Barbara Bierer, faculty director at Brigham and Women’s Hospital (BWH) in Boston, said the pandemic has caused the various stakeholders — investigators, clinical trial sites, patient groups, CROs and pharmaceutical companies — “to appreciate and attain a level of flexibility in how we do and conduct our business. These flexibilities, if done correctly, do not inhibit data quality and in fact are very patient-centric.” She said BWH revised their protocols so in-person visits are “only for essential visits that cannot be done in another way.”
One issue that makes patient-centricity a challenge is participants’ fear of the technologies they have to use in virtual trials, but it isn’t technology that keeps some trials’ enrollments low, Koren said. Rather, there is limited interest in the type of research that some trials are offering. But that hasn’t been the case in the quest for a COVID-19 vaccine, according to Koren, who serves as a COVID-19 vaccine investigator.
“From the first day, we literally had people pouring in trying to be part of these studies,” he said. “But they tended to be older, white and more educated. And we had more difficulty attracting people who were of color, who were less educated and of lower economic strata, which brings up some very interesting questions.” Chief among those questions is whether virtualization could open trials up to groups that can’t access trials.
Ashish Atreja, chief innovation officer for the Icahn School of Medicine at Mount Sinai (ISMMS), told attendees that the school did a fair amount of virtual operation before the pandemic, especially for real-world evidence trials and phase 4 registries.
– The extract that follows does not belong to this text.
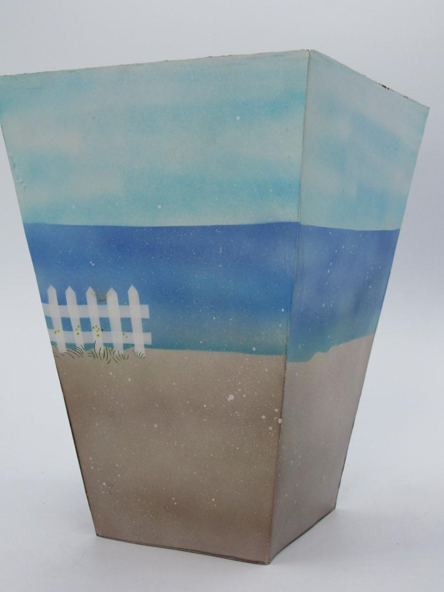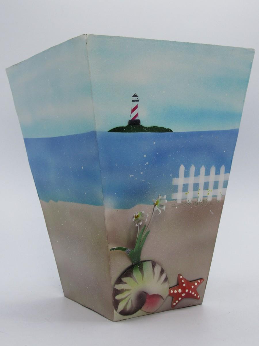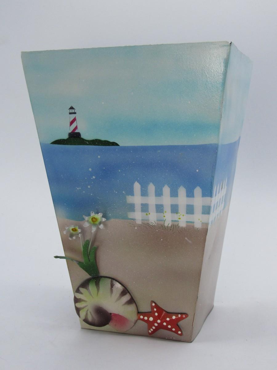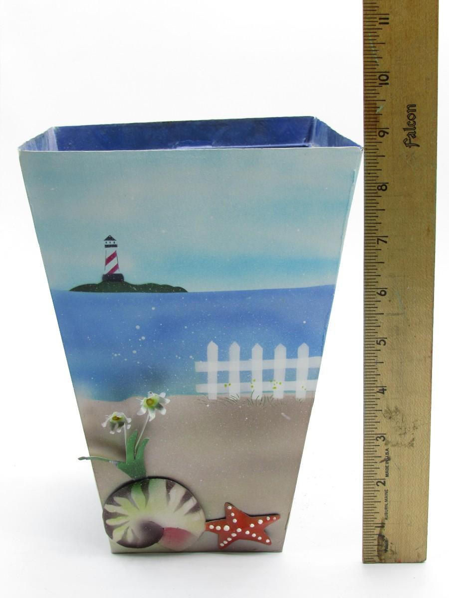 Small Retro 1999 Enesco Nautical Lighthouse Seascape Metal Tin Trash Can

He said ISMMS had partnered with the American Gastroenterology Association to virtually track 55 clinical trial sites participating in a national fecal transplant registry. “This allowed us to realize that not everything has to be completely virtual or completely manual. You can have a blended approach as well,” he said.
“There are some aspects that can be made virtual, and some trials — especially phase 4 registries — can be made completely decentralized. But in the next four to five years, or maybe earlier, I would be surprised to see any trial that does not have a virtual component.”
The technology already exists, Atreja said, adding that the Science 37 virtual trial platform is a “very patient-centric model [that is] trying to create a rubric for making it easy and convenient for participants to enroll, engage and give informed consent.” But he warned it takes years for new technology to permeate the clinical trials ecosystem. “It took 20 years for [electronic health records (EHRs)] to become mainstream,” he said. “There may be some trials which do not require FDA approval, especially phase 4 or real-world evidence, and those may become the ‘poster child’ for how all these technologies come together and empower patients. And then slowly, they will go to more regulated trials,” he said.
“One year from now, we’ll have all the [active pharmaceutical ingredient manufacturers], health systems and EHR vendors completely certified by June — they have to do it for the 21st Century Cures Act — which means patients will have ability to actually get access to records, including labs. In three years, we’ll actually have a framework where the patients will actually be using it. We can predict the trend is in the right direction toward decentralization, but we all agree we are not there yet. Even if the technology is completely there, there will be many specific scenarios, especially for regulated FDA trials, where complete virtualization and complete decentralization should not be the goal. Making it effective, efficient and patient-centric should be the goal and the North Star,” Atreja said.